TW: Mentions Of GoreLocation: Prison
Dream's POV
"So you're saying she's alive?"
I rolled my eyes as I continued pacing. I had my hands held behind my back with my fingers interlocked while my eyes stayed trained on the floor. I was trying to come up with a way to make sense of what I was thinking without sounding insane but I was finding that extremely difficult. I'd told the god beside me about what I had seen even though my gut was telling me to do the opposite. I needed someone to listen to me, and I didn't care who that person was.
"Not entirely. She mentioned that she and Y/N are completely different people."
I heard the god opposite me snort at my remark. I rolled my eyes as I continued pacing. I wasn't expecting him to understand anyway."And you're sure this isn't your guilty conscious acting up again."

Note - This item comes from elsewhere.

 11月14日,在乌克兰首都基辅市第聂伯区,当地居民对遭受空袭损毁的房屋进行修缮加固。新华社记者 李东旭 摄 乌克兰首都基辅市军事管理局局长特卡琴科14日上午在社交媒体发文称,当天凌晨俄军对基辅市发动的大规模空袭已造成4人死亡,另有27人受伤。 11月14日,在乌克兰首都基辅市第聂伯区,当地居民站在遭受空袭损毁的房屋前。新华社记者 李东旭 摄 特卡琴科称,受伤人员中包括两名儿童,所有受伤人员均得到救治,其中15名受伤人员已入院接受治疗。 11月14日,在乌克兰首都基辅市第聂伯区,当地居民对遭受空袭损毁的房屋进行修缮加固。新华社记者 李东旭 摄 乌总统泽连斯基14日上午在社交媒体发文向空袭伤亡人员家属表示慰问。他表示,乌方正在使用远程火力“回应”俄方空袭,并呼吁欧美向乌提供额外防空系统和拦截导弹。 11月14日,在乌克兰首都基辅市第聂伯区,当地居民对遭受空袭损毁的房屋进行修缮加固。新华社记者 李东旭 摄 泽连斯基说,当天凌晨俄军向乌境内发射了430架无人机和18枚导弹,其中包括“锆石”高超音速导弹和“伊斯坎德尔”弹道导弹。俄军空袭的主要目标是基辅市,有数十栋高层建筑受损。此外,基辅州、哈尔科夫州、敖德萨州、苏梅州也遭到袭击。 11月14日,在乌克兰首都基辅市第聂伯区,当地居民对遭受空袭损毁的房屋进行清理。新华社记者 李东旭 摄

I quickly twirled around on my heels so I was face to face with the gods mask. I looked his cloaked figure up and down briefly before my eyes landed on the letters engraved in his masked face."You seriously don't think I'm making this up? I don't think I have the brainpower to conjure up a story like this. Especially not now."
I found myself stumbling over my own word as I spoke. Part of me was frustrated that he didn't understand. He seemed to want her back just as much as I did so I couldn't comprehend why he wasn't at least a little bit happy about what I was saying."But you're not exactly in the best mindset though are you? You're still grieving. You still feel guilty. You're still not over what you did. So maybe it's a coping mechanism. A way for your damaged mind to heal while making you delusional all at the same time."

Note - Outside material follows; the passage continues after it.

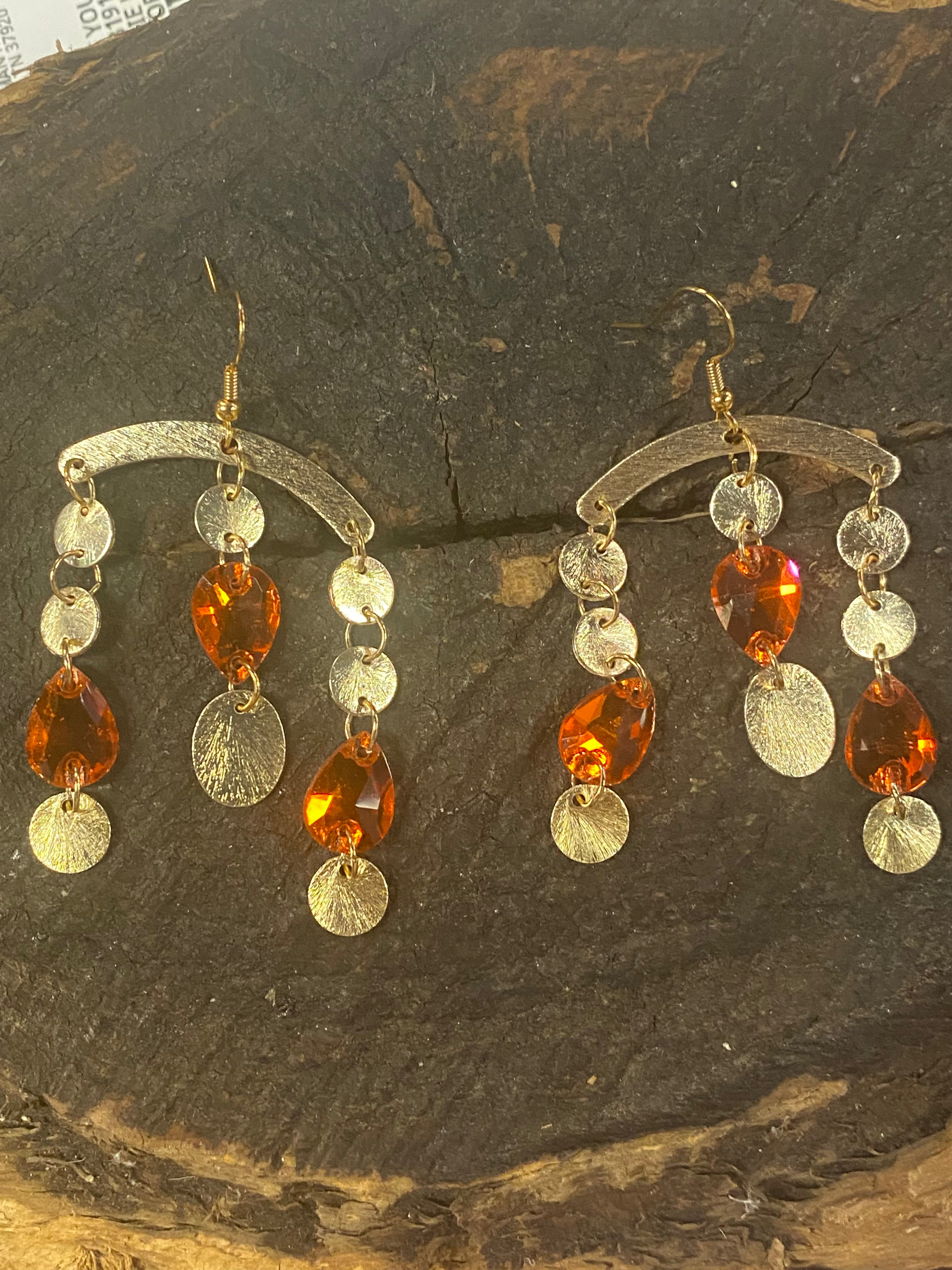 Orange Gold Arch Earrings

I took a step back as I quickly dropped my gaze to the floor once again.I couldn't comprehend what he was saying. I didn't understand why he didn't believe me. It was possible. She'd been
around since when I was first put in the prison, meaning that she never didn't have a ghost. It was just that no one ever saw it. Maybe she didn't want to be seen, or only specific people could actually see her. But that didn't make me a liar. It just proved my point if anything."So you're saying I'm crazy?"
"All I'm saying is that I think Y/N would've visited Tommy before she visited you, even if it is her ghost. If anything, she should be staying as far away from you as possible."
I just stared at the god with wide eyes as I couldn't find any words that would form a good enough response."I don't know why, but she is different. The gods didn't treat her the same as they did Schlatt and Wilbur. But maybe that's a good thing. Maybe she's better of up there in peace instead of being mentally destroyed by both you and her brother down here."
I shook my head and turned away from him completely."I'm not crazy."
"You keep telling yourself that."
I turned around once again right as I heard the sound of a single footstep and I grabbed ahold of the gods wrist. He jerked his head around to look at me, his figure menacingly towered over my own."I wouldn't lie about something like this."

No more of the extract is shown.